_Task goal_:
An exact copy of all the data is required, with pictures left out.

_Information shown_:
----
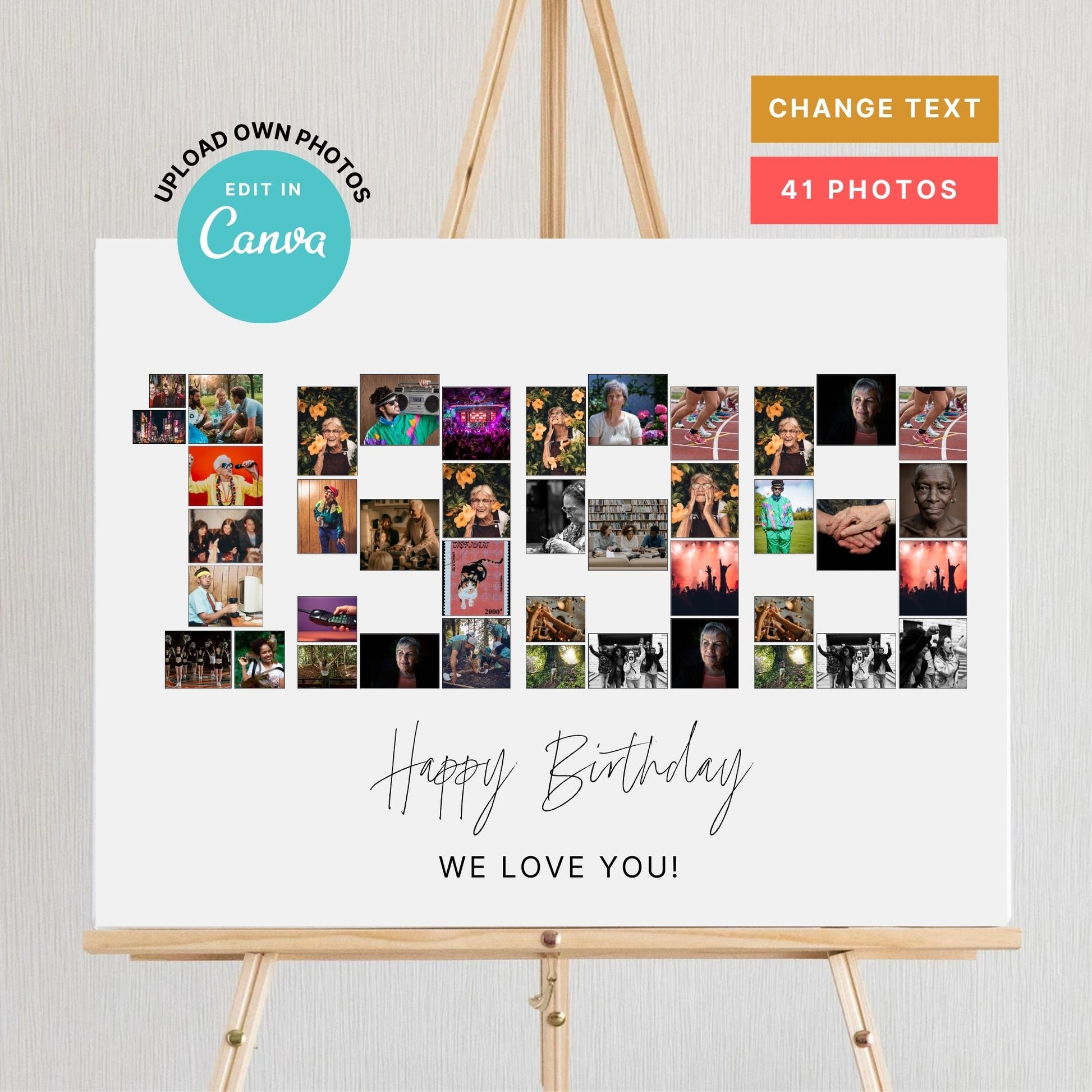 EDITABLE 1999 Photo Collage, 26th Birthday, Photo Collage Gift, Number Collage, CANVA
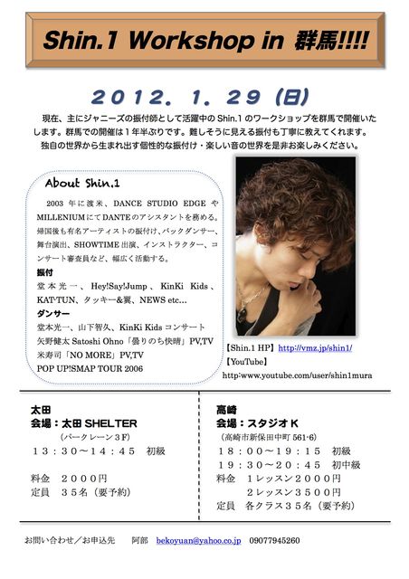 1年半ぶり! Shin.1さんのワークショップin群馬が開催されます! 現在、主にジャニーズの振付師として活躍中です。 難しそうに見える振付も丁寧に分かりやすく教えてくれます。 独自の世界から生まれ出す個性的な振付け・楽しい音の世界を是非お楽しみください。 貴重な機会ですので、是非ご参加ください☆ 《in太田》 ・日時―2012年1月29日(日) 13:30〜14:45 初級 ・場所―太田SHELTER(パークレーン3F) ・料金― 2000円 ・定員―クラス35名(※要予約※) 《in高崎》 ・日時―2012年1月29日(日
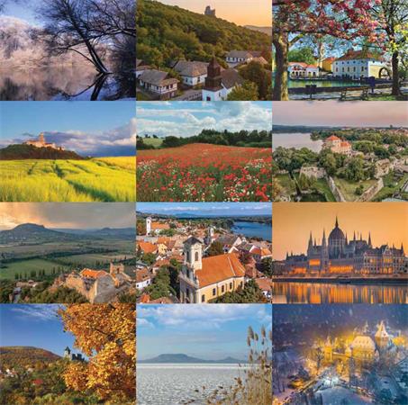 -naptár rész: magyar, angol, német nyelven, magyar  ünnepek  és névnapokkal, napkelte, napnyugta és holdállás  feltüntetésével
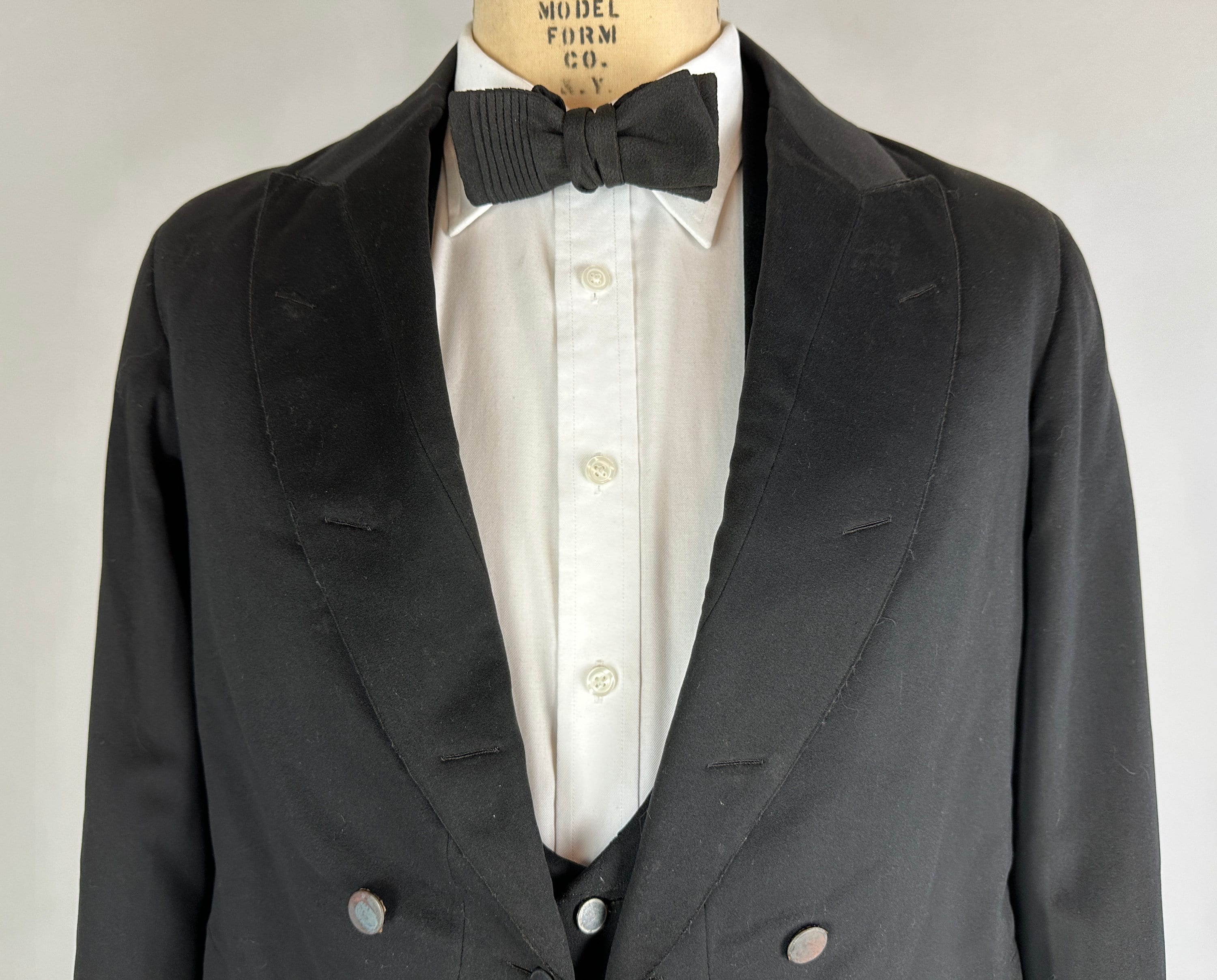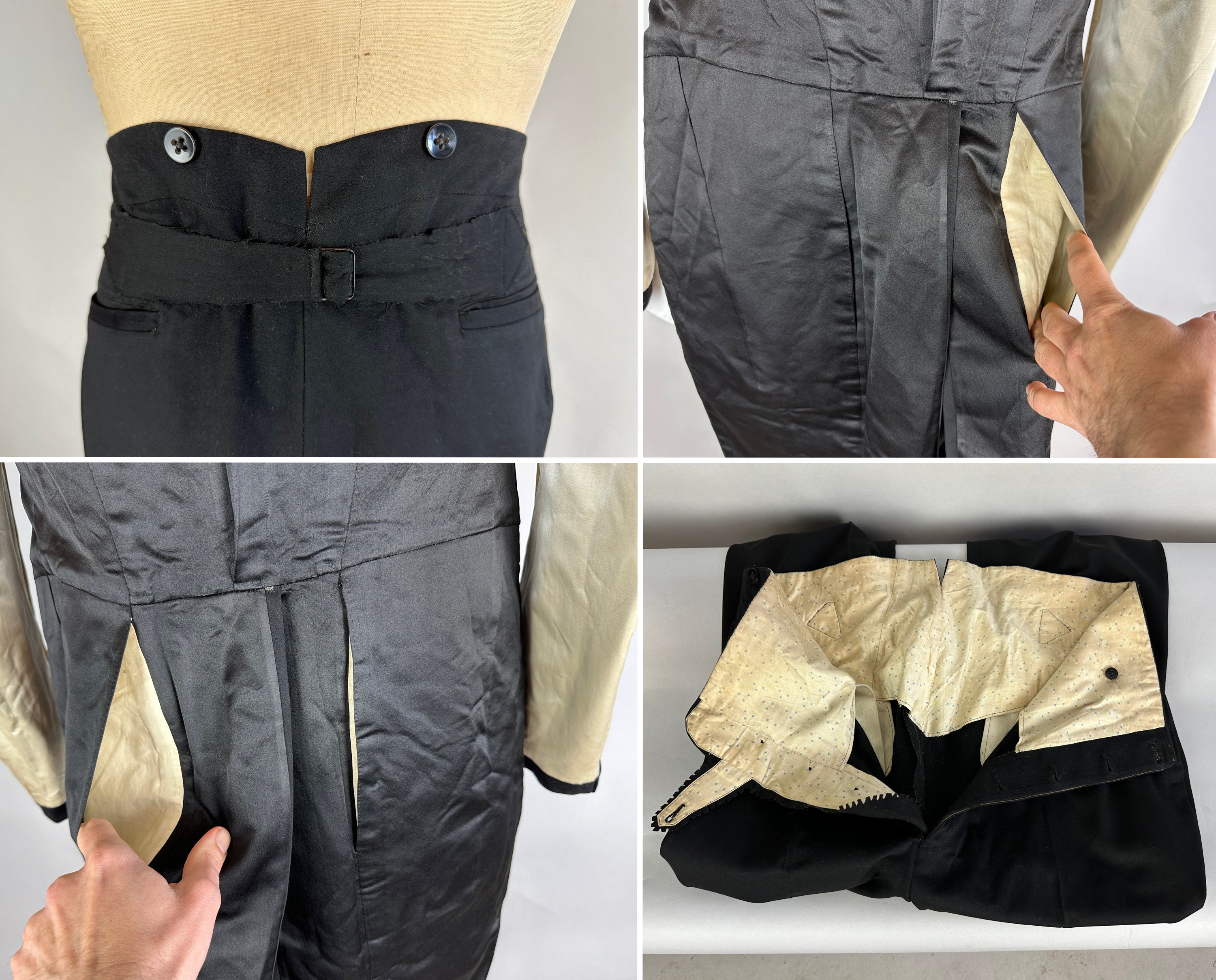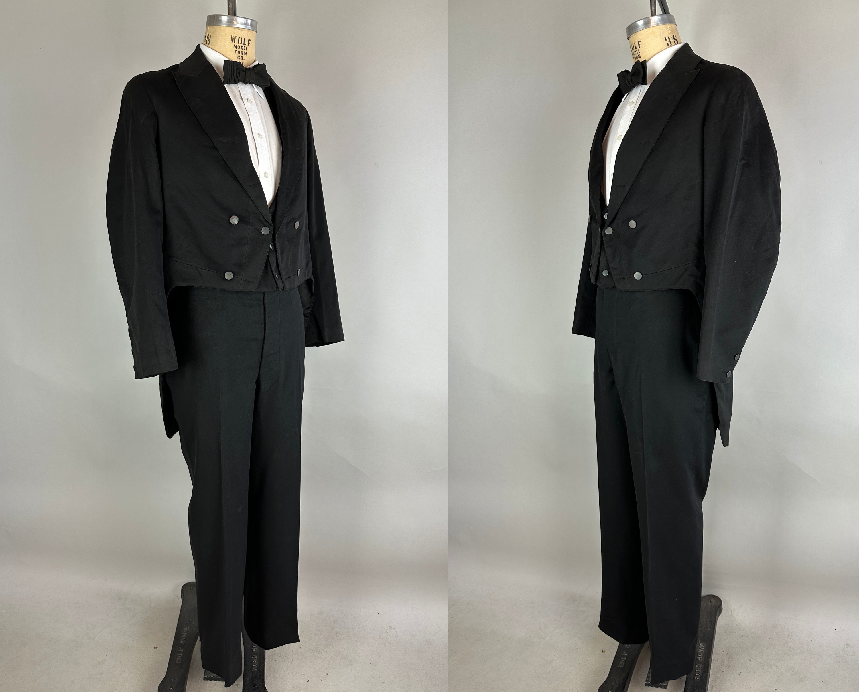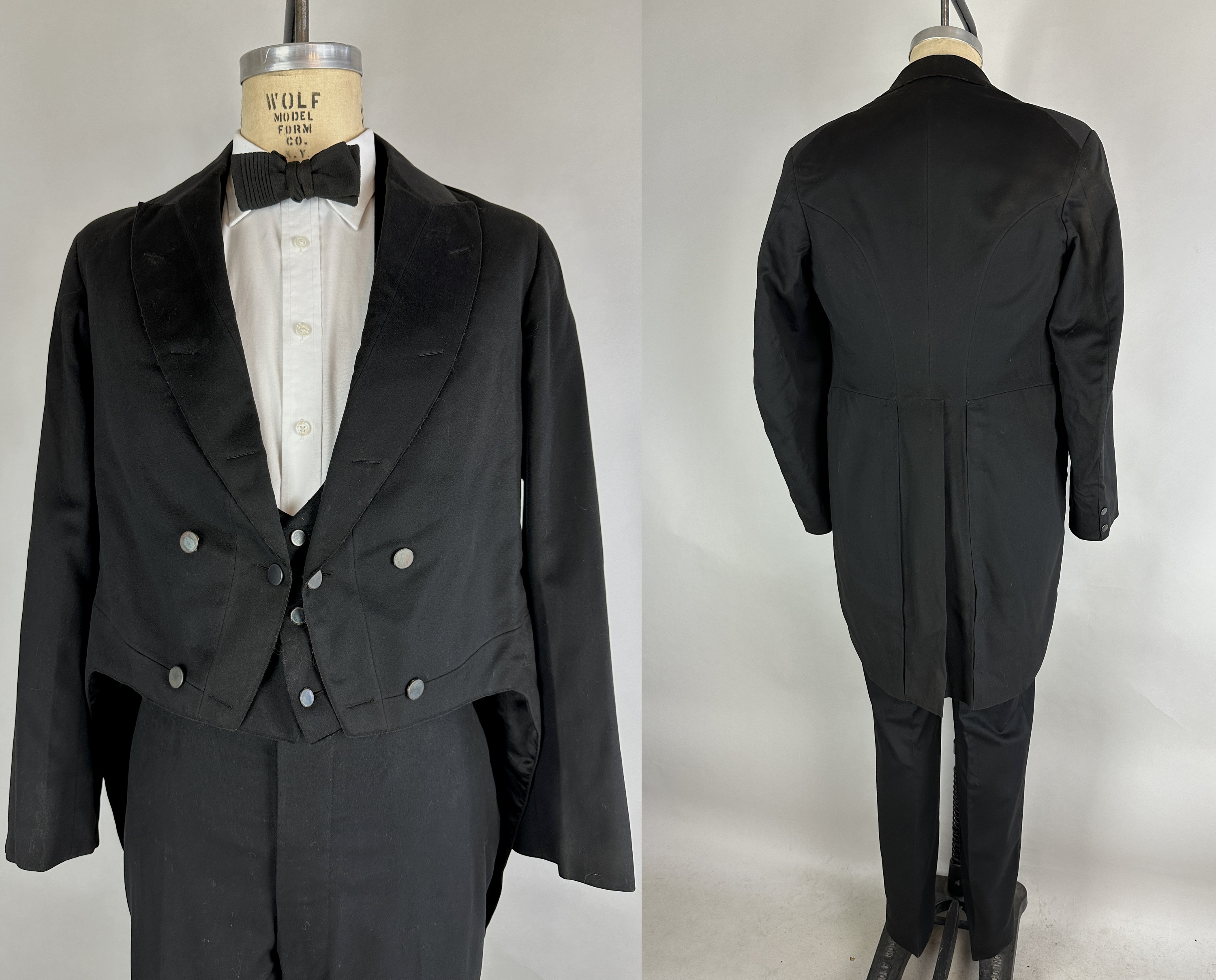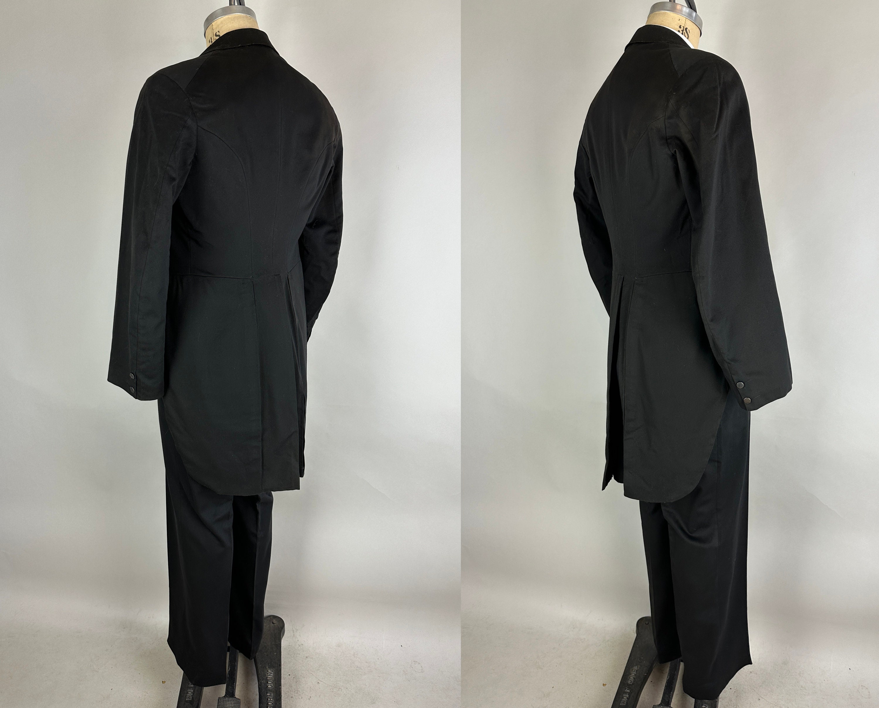 Take a stroll down the boulevard wearing the finery of a gentleman from another era in this late-Victorian turn of the century suit! Soft black wool throughout all three pieces. Jacket/tailcoat features four decorative steel buttons, with pairs of matching buttons at each cuff, steel link-button closure, wide peaked lapels with working buttonholes, shapely back seaming, fully lined in silk with two inner chest pockets and two glove-pockets in the tails. Vest has a matching 3-button closure, deep shawl collar, and four jetted pockets. Lined in cotton and backed in black silk with a back-adjuster marked "Paris". Trousers feature a buckle-back, a full set of outer-suspender buttons, button-fly, fun confetti cotton lining the waist, 5 pockets, and slanted cuffs. This suit dates to the late-1800s. This suit is in incredibly great vintage condition for its age and generous size, even the silk lining the arms is in wonderful, stable shape! No holes, stains, nor odors to note.
----
_Written answer_:
 EDITABLE 1999 Photo Collage, 26th Birthday, Photo Collage Gift, Number Collage, CANVA
 1年半ぶり! Shin.1さんのワークショップin群馬が開催されます! 現在、主にジャニーズの振付師として活躍中です。 難しそうに見える振付も丁寧に分かりやすく教えてくれます。 独自の世界から生まれ出す個性的な振付け・楽しい音の世界を是非お楽しみください。 貴重な機会ですので、是非ご参加ください☆ 《in太田》 ・日時―2012年1月29日(日) 13:30〜14:45 初級 ・場所―太田SHELTER(パークレーン3F) ・料金― 2000円 ・定員―クラス35名(※要予約※) 《in高崎》 ・日時―2012年1月29日(日
 -naptár rész: magyar, angol, német nyelven, magyar  ünnepek  és névnapokkal, napkelte, napnyugta és holdállás  feltüntetésével
 Take a stroll down the boulevard wearing the finery of a gentleman from another era in this late-Victorian turn of the century suit! Soft black wool throughout all three pieces. Jacket/tailcoat features four decorative steel buttons, with pairs of matching buttons at each cuff, steel link-button closure, wide peaked lapels with working buttonholes, shapely back seaming, fully lined in silk with two inner chest pockets and two glove-pockets in the tails. Vest has a matching 3-button closure, deep shawl collar, and four jetted pockets. Lined in cotton and backed in black silk with a back-adjuster marked "Paris". Trousers feature a buckle-back, a full set of outer-suspender buttons, button-fly, fun confetti cotton lining the waist, 5 pockets, and slanted cuffs. This suit dates to the late-1800s. This suit is in incredibly great vintage condition for its age and generous size, even the silk lining the arms is in wonderful, stable shape! No holes, stains, nor odors to note.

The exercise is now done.